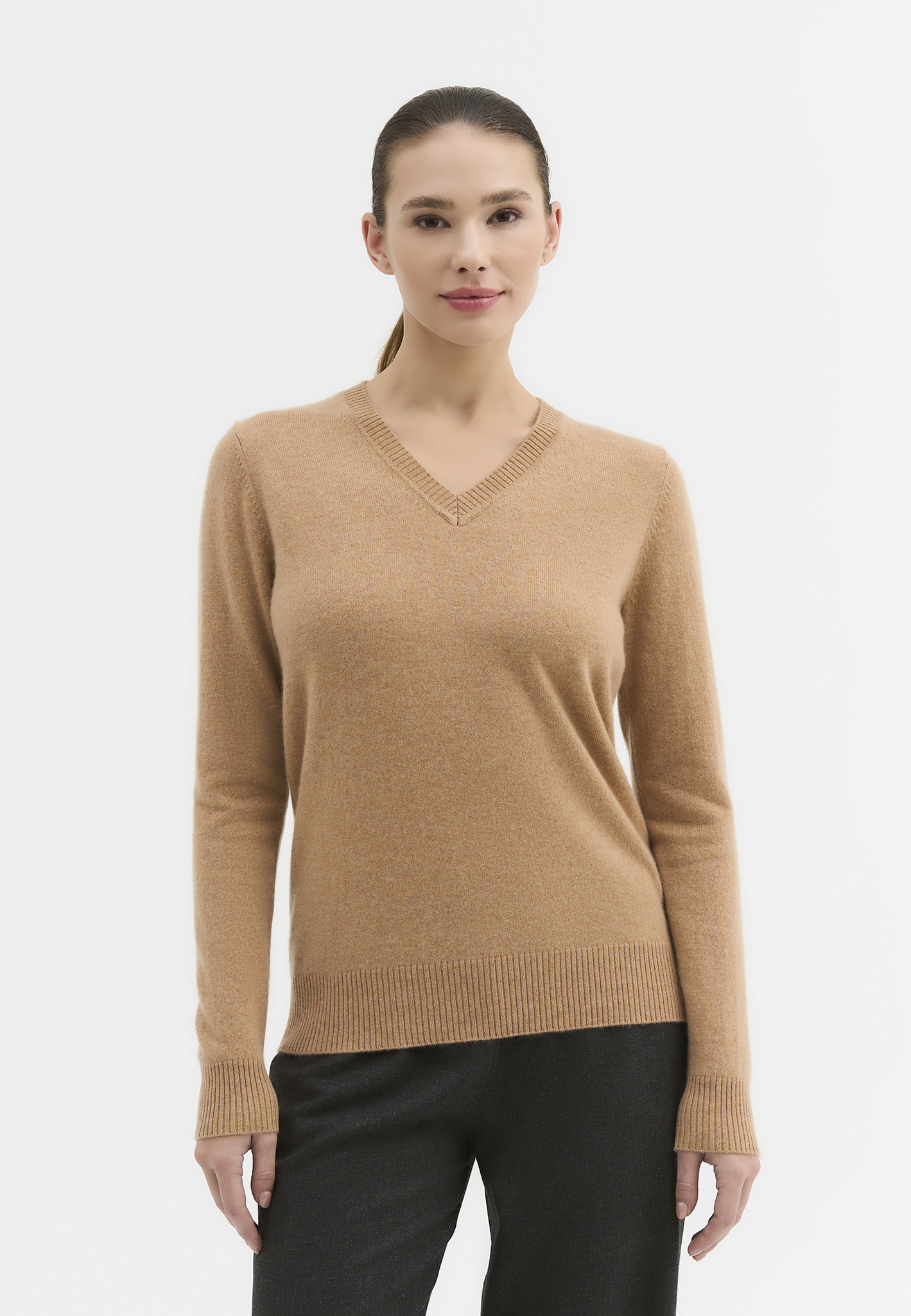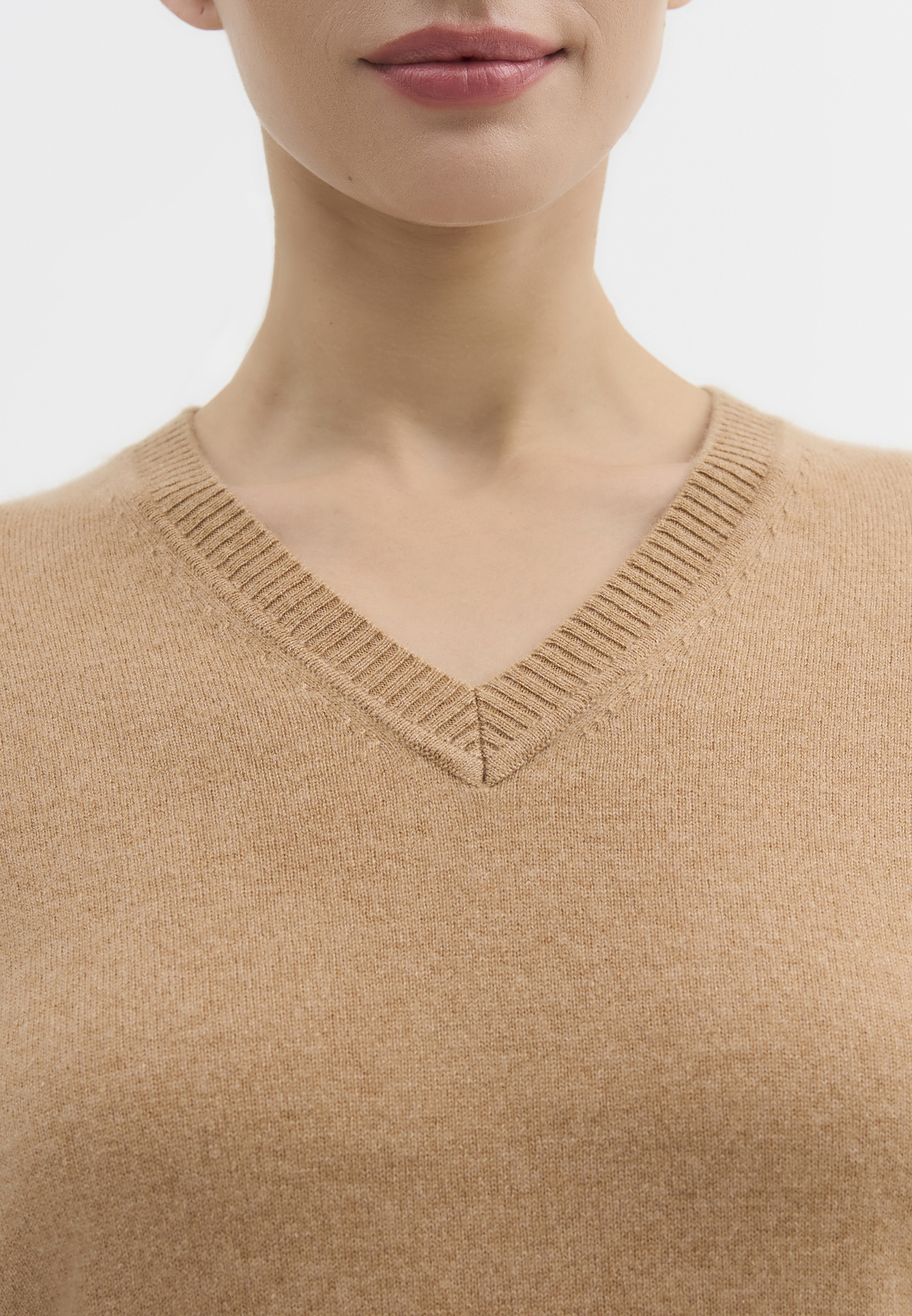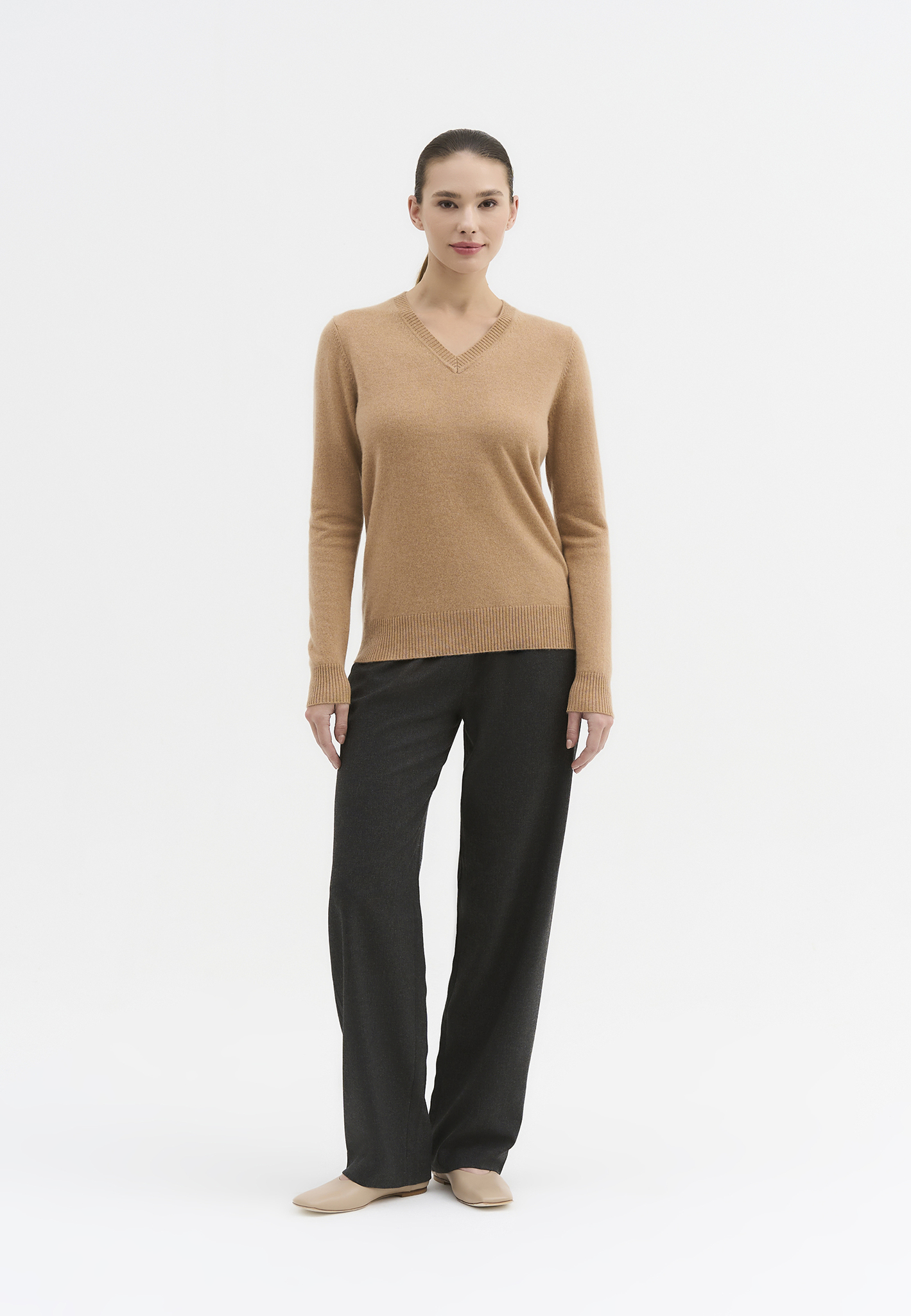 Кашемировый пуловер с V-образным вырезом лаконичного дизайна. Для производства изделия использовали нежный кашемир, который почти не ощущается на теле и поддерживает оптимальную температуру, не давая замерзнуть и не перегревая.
* * *
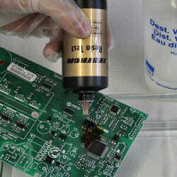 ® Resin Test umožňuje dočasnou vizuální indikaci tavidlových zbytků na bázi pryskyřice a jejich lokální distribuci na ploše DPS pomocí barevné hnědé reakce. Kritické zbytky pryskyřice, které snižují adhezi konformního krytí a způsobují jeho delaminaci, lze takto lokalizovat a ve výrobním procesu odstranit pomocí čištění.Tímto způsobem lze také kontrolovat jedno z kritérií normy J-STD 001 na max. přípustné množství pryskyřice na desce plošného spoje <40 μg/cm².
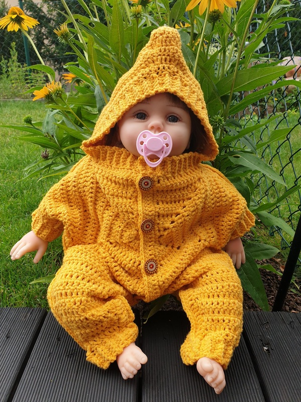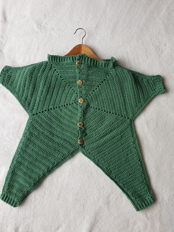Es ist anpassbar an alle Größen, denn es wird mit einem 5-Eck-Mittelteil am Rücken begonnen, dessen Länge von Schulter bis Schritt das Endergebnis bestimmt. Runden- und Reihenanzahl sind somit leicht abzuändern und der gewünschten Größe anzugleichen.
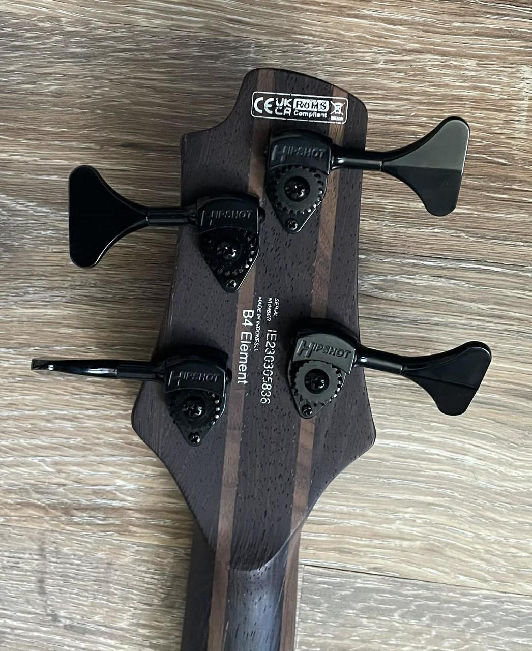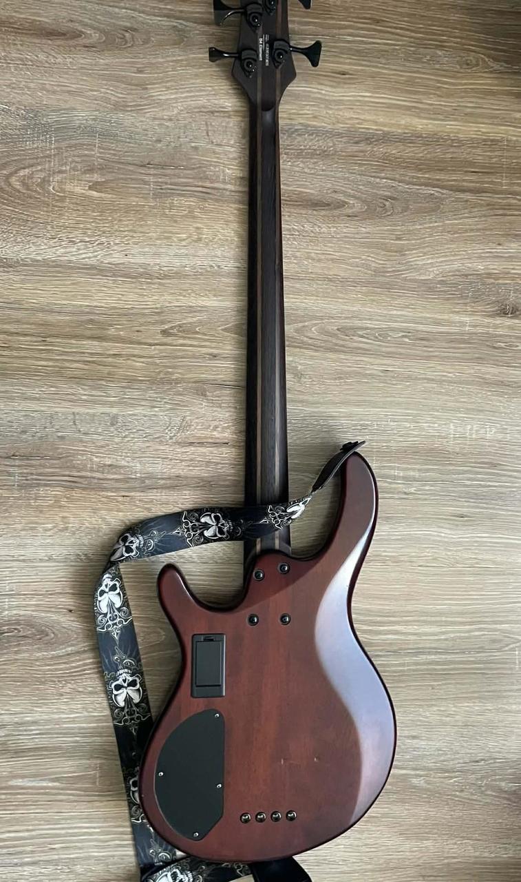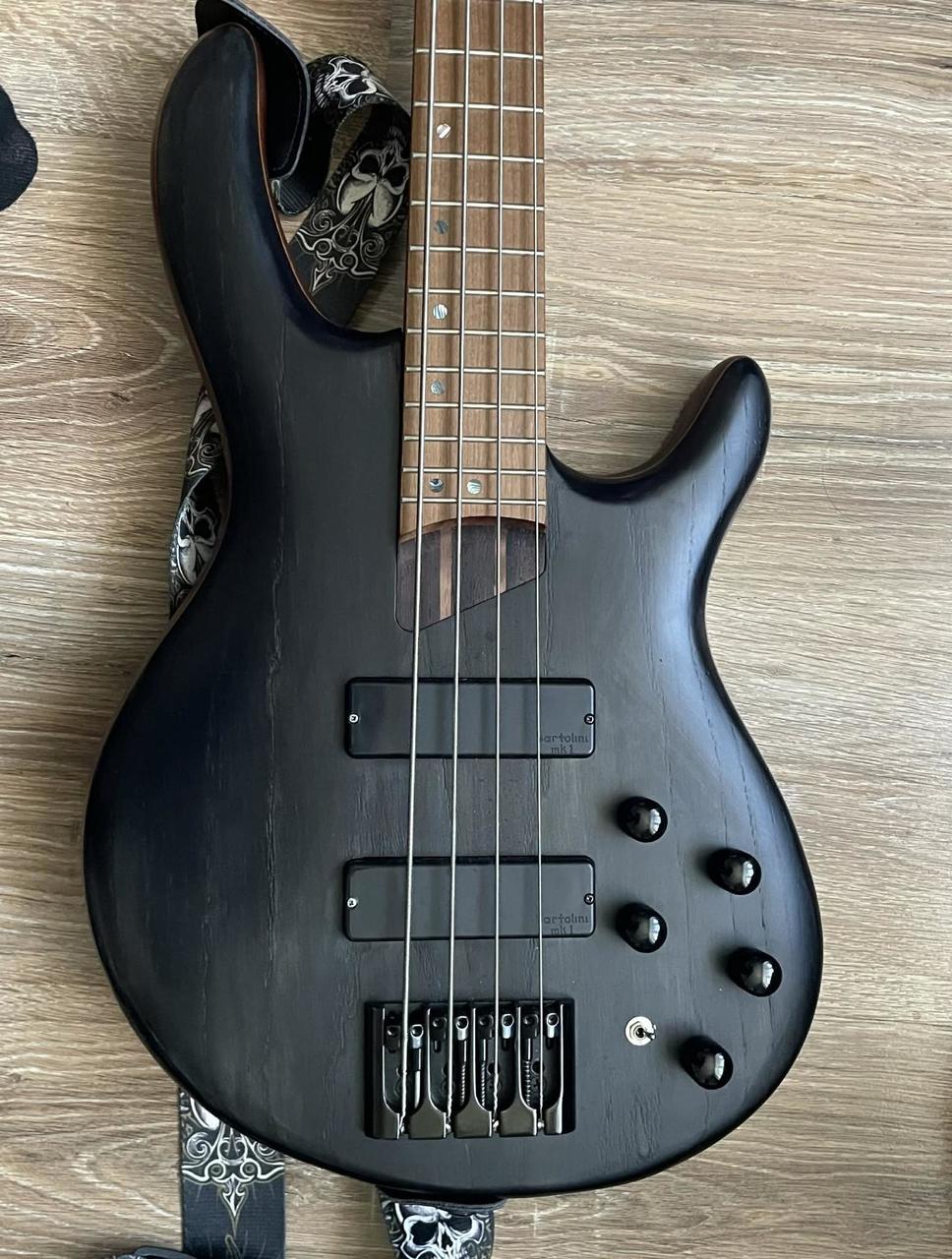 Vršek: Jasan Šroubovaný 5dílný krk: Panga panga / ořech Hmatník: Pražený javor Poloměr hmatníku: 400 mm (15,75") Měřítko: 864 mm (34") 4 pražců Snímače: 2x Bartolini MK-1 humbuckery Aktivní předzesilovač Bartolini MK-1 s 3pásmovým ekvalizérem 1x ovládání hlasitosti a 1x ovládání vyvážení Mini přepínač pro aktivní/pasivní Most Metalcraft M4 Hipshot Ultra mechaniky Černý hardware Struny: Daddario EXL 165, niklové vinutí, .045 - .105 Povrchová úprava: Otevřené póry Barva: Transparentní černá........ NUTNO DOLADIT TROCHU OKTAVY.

■ Your instructions:
Work from the entries above. Set down exactly and only the lines from the line with "Es ist anpassbar" to the line with "Vršek: Jasan Šroubovaný", both included, and leave the pictures out.

■ Solution to this problem:
Es ist anpassbar an alle Größen, denn es wird mit einem 5-Eck-Mittelteil am Rücken begonnen, dessen Länge von Schulter bis Schritt das Endergebnis bestimmt. Runden- und Reihenanzahl sind somit leicht abzuändern und der gewünschten Größe anzugleichen.
 Vršek: Jasan Šroubovaný 5dílný krk: Panga panga / ořech Hmatník: Pražený javor Poloměr hmatníku: 400 mm (15,75") Měřítko: 864 mm (34") 4 pražců Snímače: 2x Bartolini MK-1 humbuckery Aktivní předzesilovač Bartolini MK-1 s 3pásmovým ekvalizérem 1x ovládání hlasitosti a 1x ovládání vyvážení Mini přepínač pro aktivní/pasivní Most Metalcraft M4 Hipshot Ultra mechaniky Černý hardware Struny: Daddario EXL 165, niklové vinutí, .045 - .105 Povrchová úprava: Otevřené póry Barva: Transparentní černá........ NUTNO DOLADIT TROCHU OKTAVY.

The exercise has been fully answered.